Create a new branch on your database store—say, experiment. Point your sandbox at that branch in the Branch routing panel. Now the agent can add, remove, or rename tables in sandbox without touching the main branch that production reads from. When you’re ready, ask the agent to apply the same changes to main.
For a less-involved safety net, take a snapshot of the branch before the risky change and restore it if things go sideways. Branches are better for longer-lived experiments; snapshots are better for one-shot “let me try this” moments.

”I want to keep uploaded PDFs in one place and view them in the dashboard”

Create a storage store, connect it to your app with Write access, and ask the agent to save uploads there.

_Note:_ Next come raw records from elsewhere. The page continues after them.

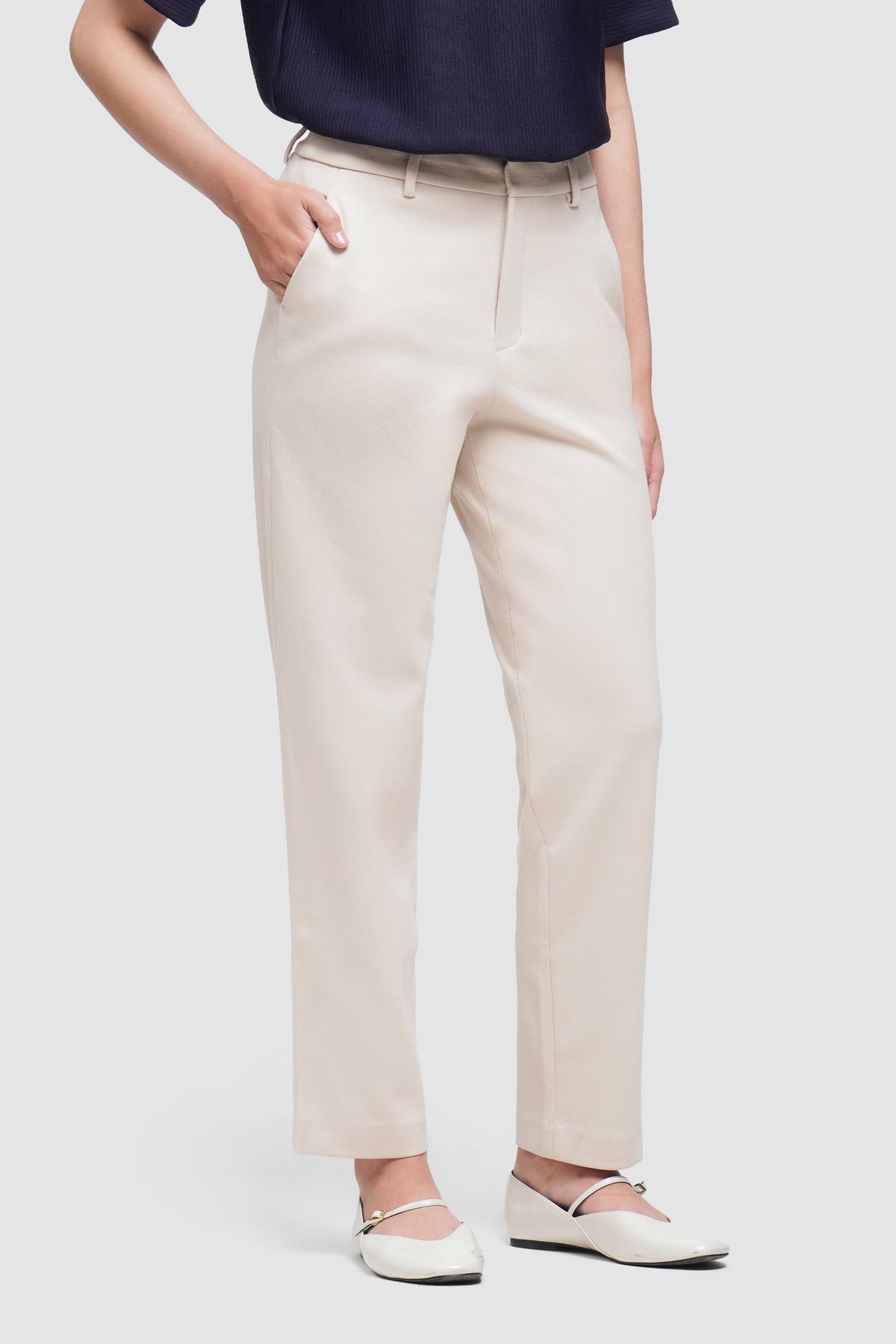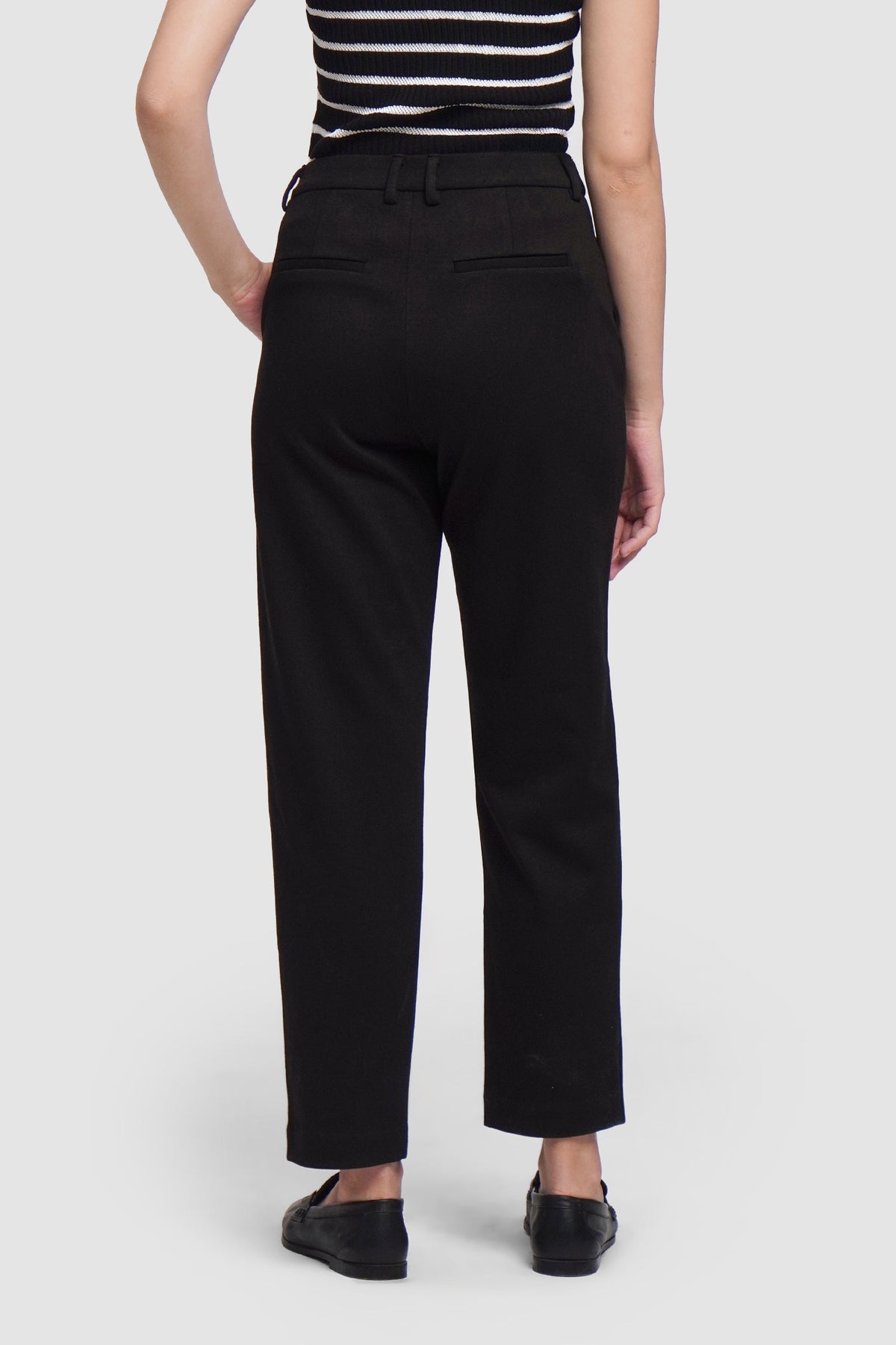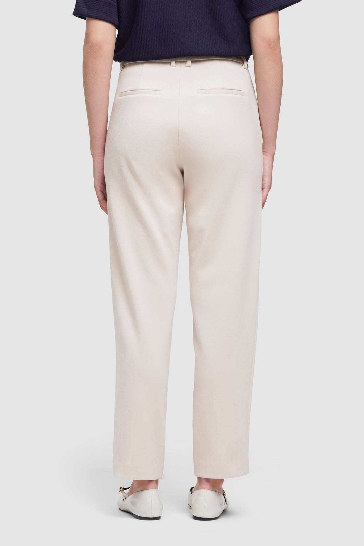 - Design Details: Diagonal Side Pockets, 2 Pcs. Back Darts And Welt Pocket, Knit Fabric
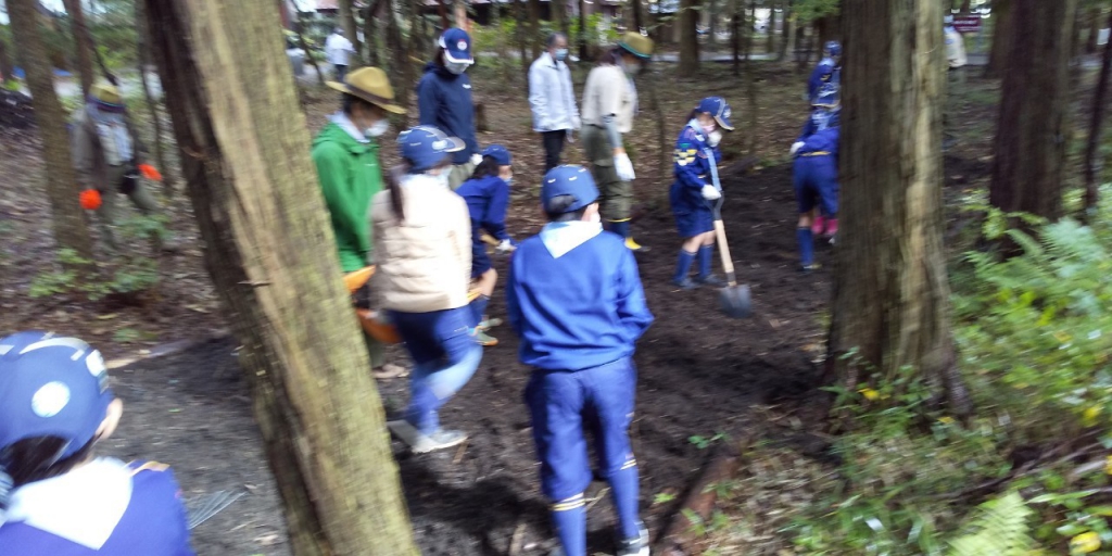 みんなで、感謝の心をもって一生懸命掃除をしました。これからもずっと、きれいな森で元気いっぱい活動できます様に!
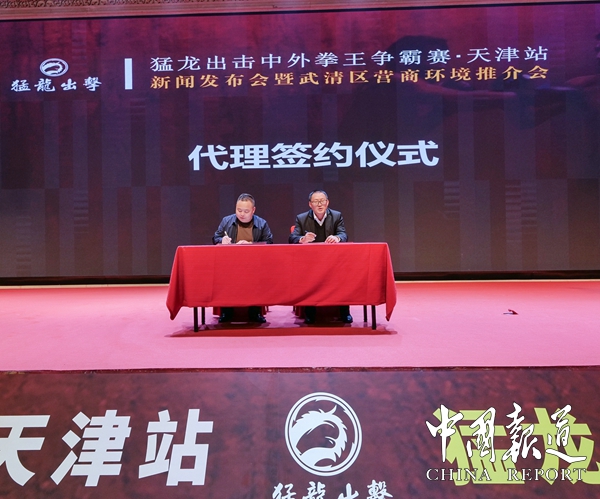 天津东升云商贸有限公司董事长王世界与吴猛鸿牛董事长正式签订天津市吴猛鸿牛总经销合同。吴猛鸿牛董事长与猛龙(天津)文化传媒有限公司董事长王世界签订猛龙出击中外拳王争霸赛天津站活动总冠名协议。(图文/吴蜀丰)
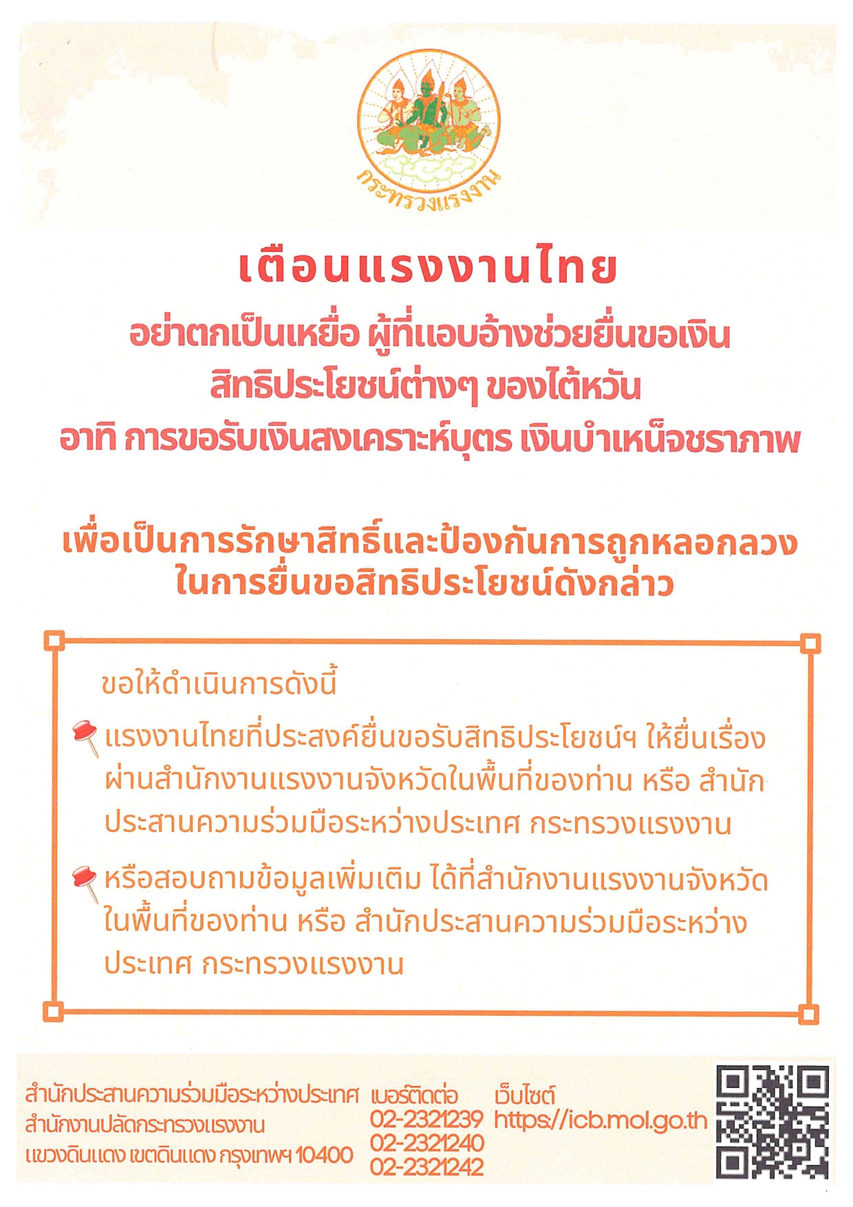 เตือนแรงงานไทยอย่าตกเป็นเหยื่อ ผู้ที่แอบอ้างช่วยยื่นขอเงินสิทธิประโยชน์ต่าง ๆ ของไต้หวัน
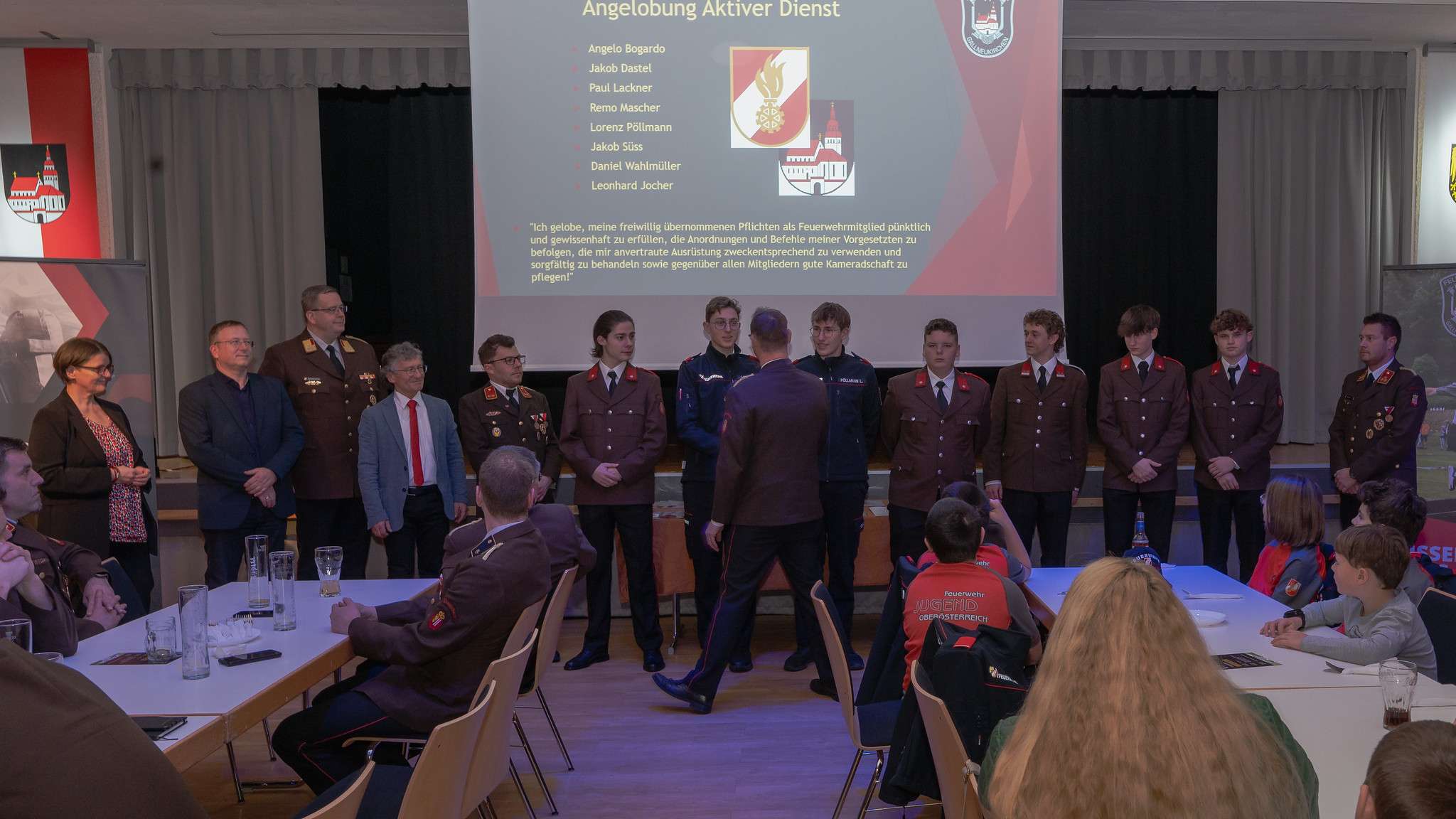 Als weiterer Tagesordnungspunkt standen Angelobungen und Beförderungen auf der Agenda. Mit sieben Angelobungen in der Jugendfeuerwehr wurde einmal mehr die ausgezeichnete Jugendarbeit unter der Leitung von Jugendbetreuer Manuel Kaar unterstrichen. Auch im aktiven Dienst konnten acht Kameraden angelobt werden - darunter großteils überstellte Jugendfeuerwehrmänner.
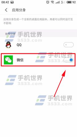 2)接著再點擊進入【應用分身】菜單項,進去后找到要進行分身的應用點擊旁邊的【按鈕】就可以進行分身了。(如下圖)
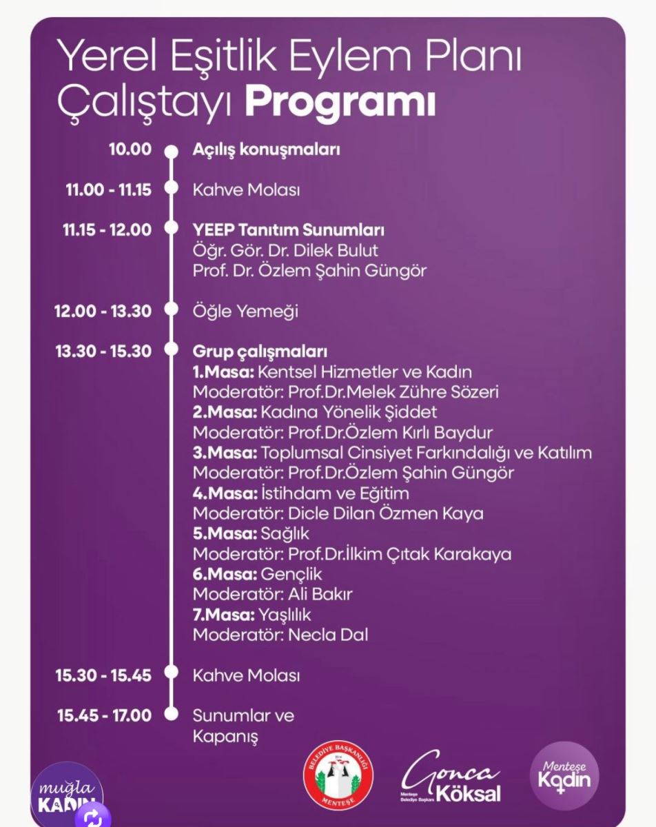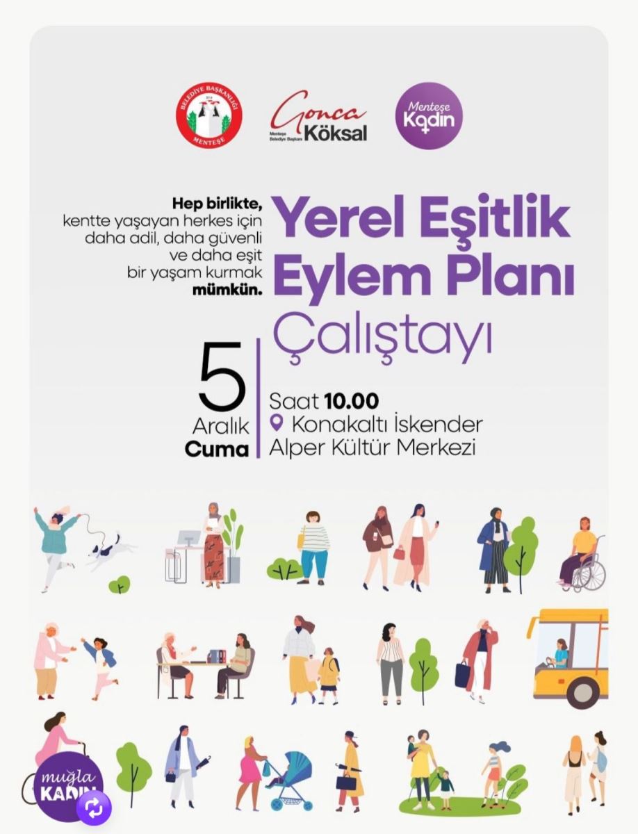 Menteşe Belediyesi'nin 05.12.2025 tarihinde Türkan Saylan Çağdaş Yaşam Merkezi'nde düzenlenen Yerel Eşitlik Eylem Planı Çalıştayı'na bölüm öğretim elemanlarımızdan Öğr.Gör.Dr. Dilek BULUT programın tanıtım sunumunu yaparak, lisans öğrencilerimizden Güler Delal Kımkak eşitlik ve kadın masasında, Seval Korkmaz gençlik masasında ve Azra Muhtar yaşlılık masasında yer alarak çalıştaya katkı vermişlerdir.

You’ll be able to browse every uploaded file right from the dashboard without writing any admin UI.

”I changed the sandbox branch and nothing seems to have happened”

Check two things: is the sandbox actually running, and was the agent in the middle of a task when you made the change? If the agent was busy, the restart is queued until it finishes. If the sandbox wasn’t running, it’ll pick up the new branch the next time you start it.

”My production app still reads the old branch after I changed routing”

Production and preview only pick up branch routing changes on the next deploy. Publish a new production deploy from the dashboard and it’ll start reading the branch you selected.